# Statics



## cabby (May 14, 2005)

We are trying to consider our options now as it seems that we will have to sell the motorhome,We are considering a Static on a small site, south of England, your thoughts and Info welcome.


cabby


----------



## Pudsey_Bear (Sep 25, 2008)

B&B might be better, and overall much cheaper.


----------



## dghr272 (Jun 14, 2012)

Cabby,

We had Static for 18 years prior to retirement and the move to a MH.

It was a well run site although more emphasis was put into supporting the campsite part of the site that allowed access all year. We had already decided to sell and get the MH when we got some really difficult neighbours beside us, therefore that is always a worry on a static site whereas in the MH we can just move on.

A big issue can be the contractual conditions you have to sign, some sites have really strict conditions.

Some useful info here.

http://www.nacoservices.com/static-caravan-advice/

OFT details

https://www.gov.uk/government/uploads/system/uploads/attachment_data/file/284431/oft734.pdf

Terry


----------



## Blizzard (Sep 21, 2009)

I'm trying to get my parents to go static as my dad is getting to old to tow any considerable distance, but he insists at 79 years old that he knows his limitations and will get bored being stuck on one site. 

If having a permanent holiday base is for you, then give it a go, even if you try a couple of weeks if someone on your favoured site rents theirs out.

K.


----------



## Pudsey_Bear (Sep 25, 2008)

When I sold my house in 06 I moved onto a caravan park into a static I'd bought, rent was a bit of a killer as was the cost of Calor and Electric, landowner was a PITA too, and when I sold up they had to sell it on my behalf and took a very hefty commision, I hardly got any money back as they kept saying don't worry about the rent we'll sort it out when it's sold.

I could never in all honesty advise anyone to buy into a sited static or park home unless they got a contract which they read thoroughly and fully agreed with, and even then they can change it and there's not much you can do as you're trapped.


----------



## Mrplodd (Mar 4, 2008)

Compare the cost of buying a static along with all of the ancillary costs (such as ground rent etc) plus the cost of replacement because most static sites have a rule that any static can only be up to a maximum age before YOU most remove it from site (usually five years) against the cost of renting one for a couple of weeks (or whatever period you decide you will want) a year.

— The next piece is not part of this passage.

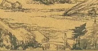 我们这里又看到一个人,这是我跟大家提到大概最容易找到的三个人物,可是这个人姿态动作形象都跟刚才那个非常相像,所以是刚才那个人到这里来了吗?如果是刚才那个人到了这里,那意思说他不是两个人,他是同一个人在不同的时间,不同的时间你会在不同的位置。这样可以了解,因为它是长卷,长卷不是摄影,长卷是电影,它里面用了很多蒙太奇的方法去剪接了。时间里面不断的连续,有时候可能是倒叙,有时候可能是对未来的幻想,所以这些东西在交错。所以1895年有了电影之后,其实用它来理解东方的长卷是更好的方法,因为西方的画画,一定站在那边,闭起一个眼睛这样比来比去,因为他在找焦点。你从来没有看到张大千需要这样画画,因为他就是坐在船上,玩了一玩以后,回来靠记忆画画,他不是在找焦点。如果焦点,那个叫焦点透视,没有办法真正扩远。黄公望一直讲扩远,是要宽阔出去的远,那个要散点透视,他必须放大出去,所以他只有电影能够解释,这样的一种空间形态。这个人物比刚才那个还要精简,简单的几笔线就完全勾出来。所以我觉得好可惜,乾隆其实上一上别的课的话,会知道这个笔力不苶弱,因为很厉害,因为笔这么精简的时候是最困难的事情。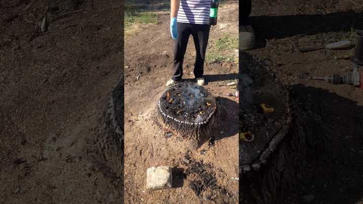 Для этого в пне проделываются множественные глубокие отверстия дрелью или бензопилой. В отверстия засыпается мочевина (мы рекомендуем использовать именно ее, т.к. в ней выше содержание азота), ее следует аккуратно полить водой, затем герметично закрыть отверстия чопами или полиэтиленом. За год азотосодержащая смесь полностью пропитает корни, после чего их легко можно будет уничтожить через сжигание костер или просто разрушить ломом.

Static vans cost a fair few quid now plus, if you have to remove it from site after five years you will need to sort specialist transport along with somewhere else to take it!! That can be a nightmare.

By renting you will have none of the upkeep, ground rent, and all of the other things that site owners thing of to charge you for. 

Look into everything VERY carefully before deciding to invest tens of thousands of pounds in your own static. 

How about a large (twin axle) touring caravan on a seasonal pitch??? Many sites even offer a "Take out of storage and erect it prior to your arrival, and removal once you have left" service as well. Worth considering???

A pal looked into doing exactly that this year at Stowford Meadows in Cornwall. The seasonal pitch cost was £1600 and included EHU, mains water and drainage. Worth making a few enquiries of a few sites. One advantage is that you can move sites every year or so if you wish, there are lots of Landrover owners who are happy to tow a caravan to another site for a few quid In their hands :wink2:

Andy


----------



## cabby (May 14, 2005)

Thanks Andy, did not think along those lines.sounds a much better plan than a static I must agree.

cabby


----------



## Kaytutt (Feb 5, 2013)

We were static owners for years and loved it, the family were still at home and we used it every weekend. All of the pitfalls mentioned above can be true but there are many good sides, key is choosing the right site, one with a long season (ours was 49 weeks), one with owners only, no rentals, one with no daft t&c's like having to change your caravan every 6 year etc

we intend selling the house in a few years and buying another static on the site where we owned before, we will use that as our base and use the motorhome for more frequent touring

I would visit lots, try to talk to owners if you can

A seasonal touring pitch is a good alternative


----------



## Webby1 (Mar 11, 2012)

Don't want to ask where this site is all we'll all end up there...................but is there a way of building up a list of sites members have lived on or would recommend.

Like campsites it's the value of real experience ...........and can name and shame lazy/greedy site owners.

In fact surely there is already a similar site to this for static owners..............anyone know of one ????


----------